A big portion of this data is time series data. The time series data is data which describes how a subject or a process (e.g. position of a car, human pulse, CPU consumption of a server, currency exchange rate etc.) changes over time.

As a simple example consider a hypothetical person walking or running along the Mörsenbroicher Weg in Düsseldorf (from point A to point B):

Suppose, the person’s phone is tracking his or her position and yields the following data which corresponds to the path above:

This data is time series data which describes the process of the person walking / running along the given path.

Time series data has the following typical properties:

  • It has always a time dimension (it’s typically a timestamp).
  • It is immutable i.e. append only data.
  • It can arrive with variable frequency e.g. data can be collected daily or hourly and also at irregular intervals.
  • It is often processed by window functions e.g. averaging values over hour intervals.
  • It can often be viewed as a stream of events.

TimescaleDB

In short, TimescaleDB is PostgreSQL with installed timescaledb extension which adds some time series related “superpowers” to the DBMS. Therefore the tools from the PostgreSQL ecosystem also work with TimescaleDB e.g. backup tools (e.g. pg_dump), CLI and UI clients (e.g. psql and pgAdmin), visualisation tools (e.g. grafana), other PostgreSQL extensions (e.g. postgis) etc. and this is probably the main advantage and selling point of TimescaleDB. Additionally, you do not have to learn a new query language, just use the good old SQL together with a couple of functions from the timescaledb extension.

The central concept of the TimescaleDB is a hypertable.

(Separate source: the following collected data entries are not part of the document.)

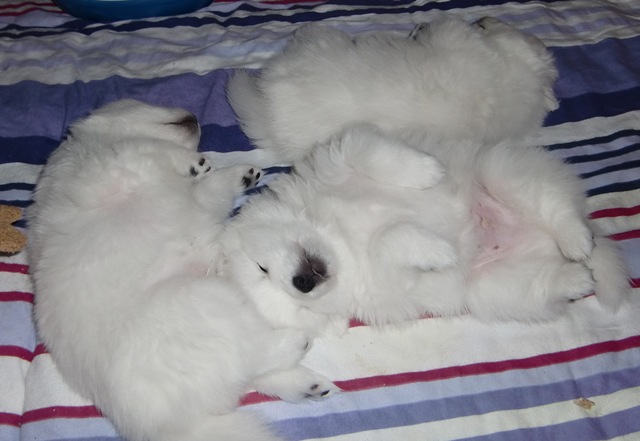Am 21. April - mit genau 8 Lebenswochen - wiegen unsere drei kräftigen Japan Spitz-Buben: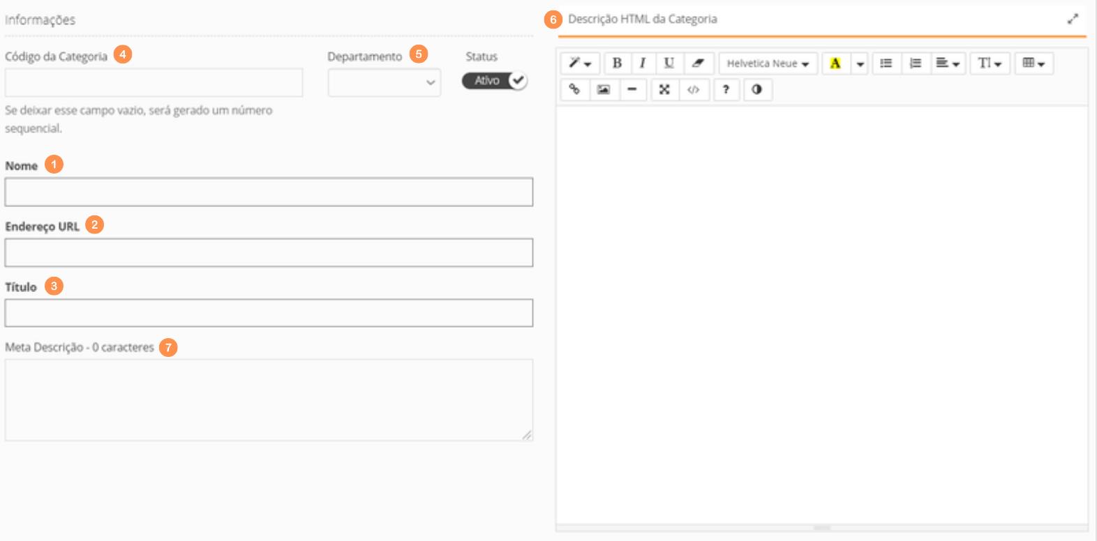 Em seu painel Administrativo selecione a opção Catálogo, logo após “Categoria” e “Criar”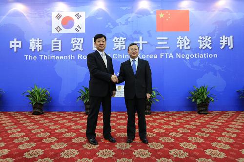 9月22日,中韩自贸区第十三轮谈判在北京举行。中韩自贸区谈判于2012年5月正式启动。谈判大体分为模式谈判和出要价谈判两个阶段。2013年9月,中韩双方完成了模式谈判,确定了基本原则、总体自由化水平和未来协定涉及的范围领域。【详细】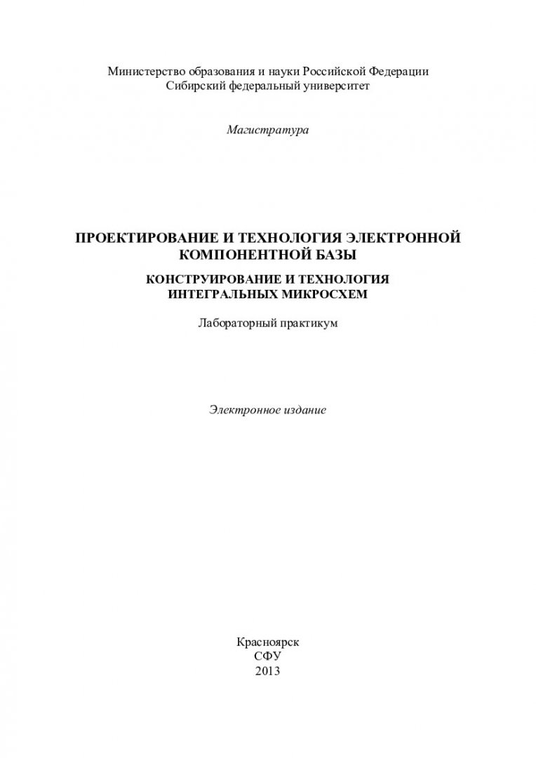 Проектирование и технология электронной компонентной базы. Конструирование и технология интегральных схем : лаб. практикум [для студентов напр. подг. 210100.68 «Электроника и наноэлектроника» и 211000.68 «Конструирование и технология электронных средств»]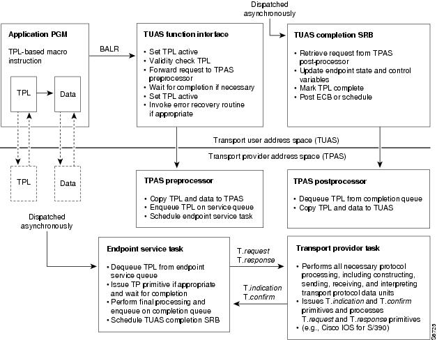 A service request requires processing in two MVS address spaces. The Transport User Address Space (TUAS) is the address space of the application program that initiates the request. The Transport Provider Address Space (TPAS) is the address space containing the API subsystem and the transport service provider that eventually processes the request. In some cases the transport provider may reside in an external device (for example, a specialized network I/O processor), and the transport provider depicted in this diagram is merely a stub that communicates with the external device. In either case, all other entities are present, and the actual location of the transport provider is transparent to the application program.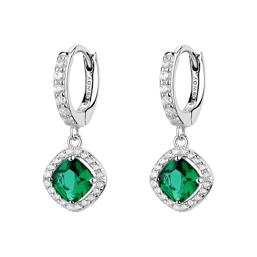 Orecchini a cerchio in argento rodiato 925‰ e pendenti con cubic zirconia e cubic zirconia colore emerald.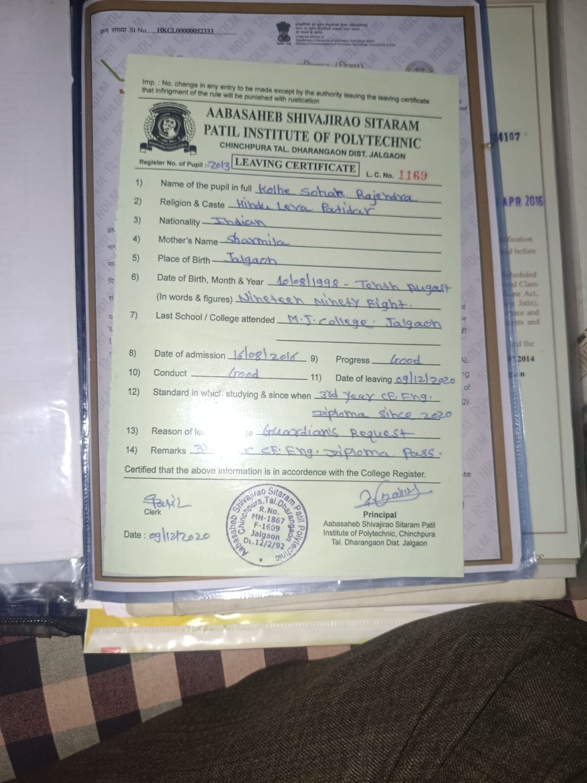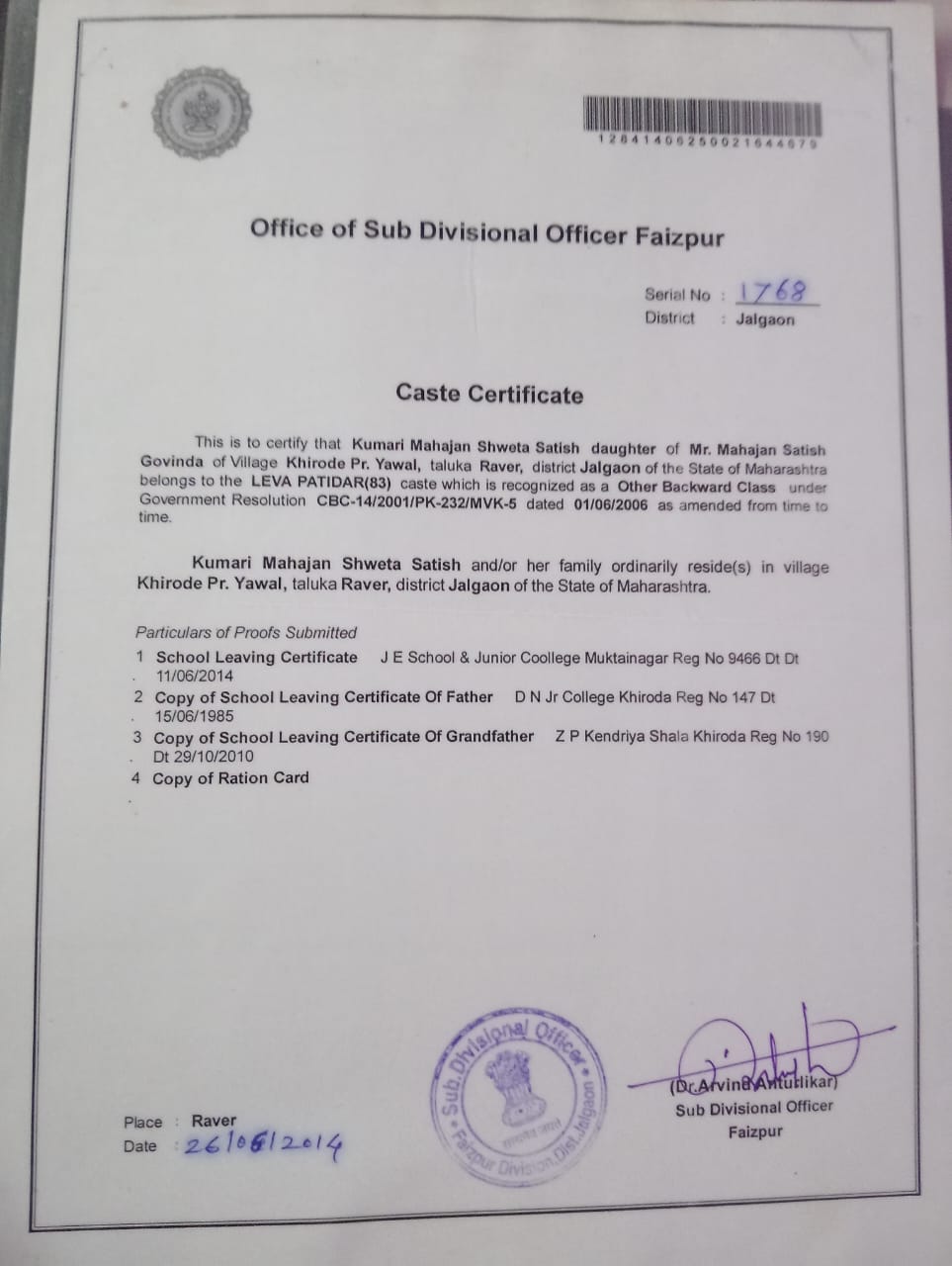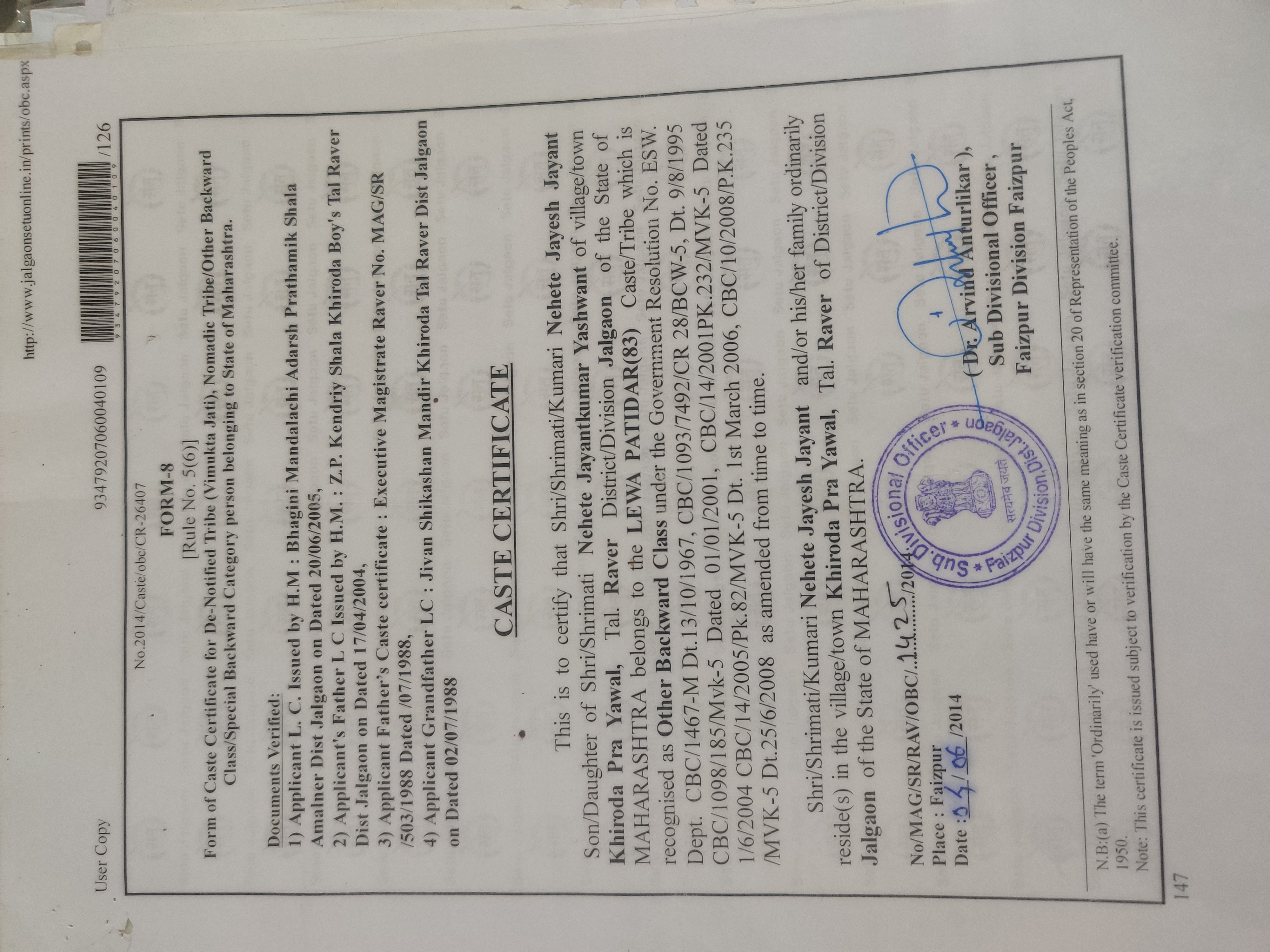 Jalgaon (M Corp.) Reg Fee : 0000-00-00 Inactive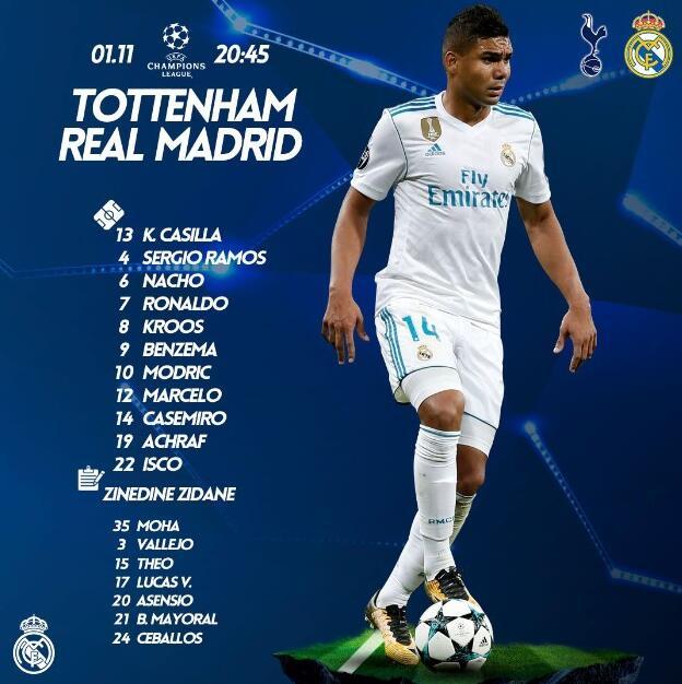 腾讯体育讯 北京时间11月2日凌晨3:45,欧冠第3轮小组赛中,皇马客场出战托特纳姆热刺。两队首发已公布,C罗搭档本泽马冲锋,伊斯科克罗斯莫德里奇坐镇中场,瓦拉内贝尔纳瓦斯缺席。热刺阵中,凯恩伤愈复出,埃里克森与阿里埋伏其身后:

The hypertable is a virtual view consisting of many individual small tables holding the data which are called chunks. The chunks are created by partitioning the data by time interval and possibly some additional keys (e.g. GPS coordinates, temperature, location name, velocity etc.). This chunking technique gives the following benefits:

  • Better query and insert rates thanks to adaptive chunking. The adaptive chunking means that chunk's intervals change depending on data volumes: more data – shorter intervals. It helps to keep chunks' sizes equal. The size of a chunk can be adjusted such that it, together with its indices, can fit entirely into memory which improves processing speed.
  • Lower fragmentation: deletion of (old) data boils down to dropping entire chunks which is faster and avoids re-sizing of a table and its underlying files.

Since the hypertable is a view, you can do everything with it, what you normally do with a DB view: you can do selects, joins, filtering (via WHERE clause), ordering (via ORDER BY clause) etc. The fact that the hypertable is splitted into chunks does not complicate the way you interact with it.

In addition to usual SQL operations, inherited from PostgreSQL, TimescaleDB offers a couple of special functions for processing time series data e.g. time_bucket, first and last. time_bucket slices a time dimension into time intervals (buckets) of arbitrary duration. It does that by calculating the bucket’s start time for the time dimension and then one can GROUP BY the calculated time values. first and last aggregate functions select the first and the last written values of a column accordingly.

TimescaleDB markets itself as a relational DB suitable for processing time series data which scales vertically very well when the amount of data greatly increases. It claims to load one billion row database 15 times faster than a vanilla PostgreSQL installation and to provide throughput which is more than 20 times greater than that of the vanilla version.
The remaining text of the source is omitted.